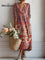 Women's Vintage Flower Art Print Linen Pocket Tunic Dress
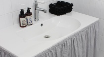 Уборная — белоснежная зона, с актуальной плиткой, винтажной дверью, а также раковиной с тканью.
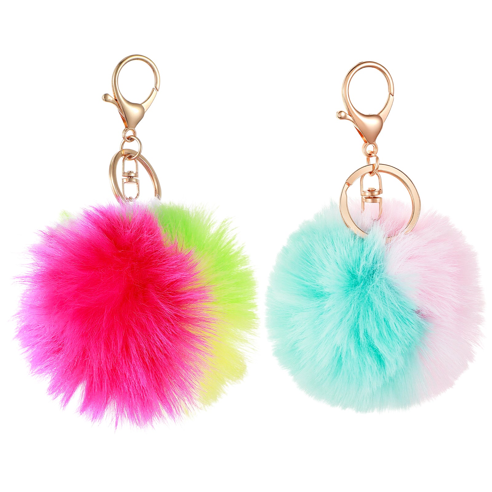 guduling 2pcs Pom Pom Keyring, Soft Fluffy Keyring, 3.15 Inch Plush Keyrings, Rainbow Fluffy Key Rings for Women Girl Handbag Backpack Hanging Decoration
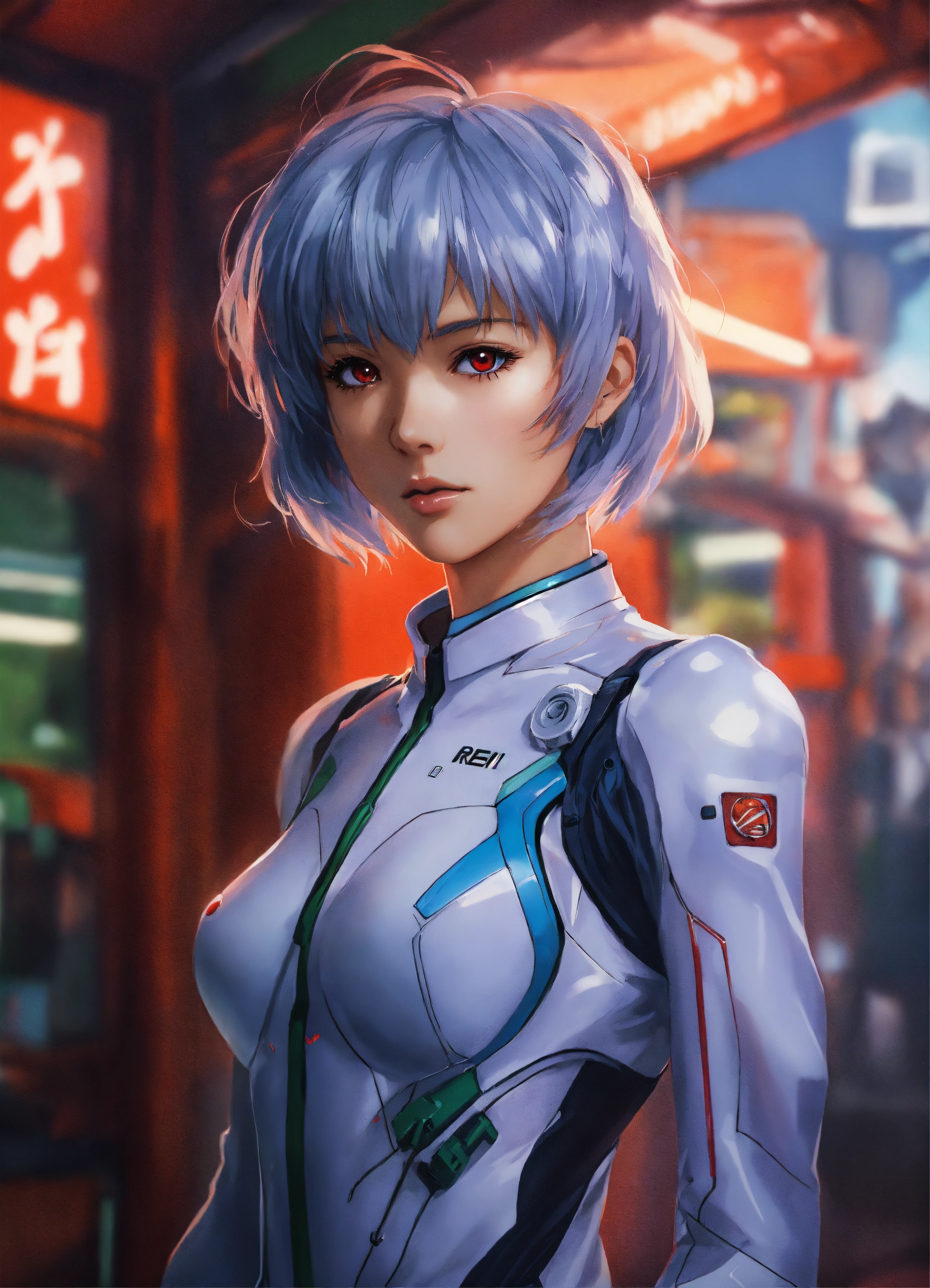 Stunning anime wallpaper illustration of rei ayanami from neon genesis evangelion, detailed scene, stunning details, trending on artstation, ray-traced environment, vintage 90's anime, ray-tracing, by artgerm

— The problem —
Return nothing but the lines running from the start of the data to the line with "guduling 2pcs Pom", please, both ends included and no pictures.

— Solution to this problem —
 Women's Vintage Flower Art Print Linen Pocket Tunic Dress
 Уборная — белоснежная зона, с актуальной плиткой, винтажной дверью, а также раковиной с тканью.
 guduling 2pcs Pom Pom Keyring, Soft Fluffy Keyring, 3.15 Inch Plush Keyrings, Rainbow Fluffy Key Rings for Women Girl Handbag Backpack Hanging Decoration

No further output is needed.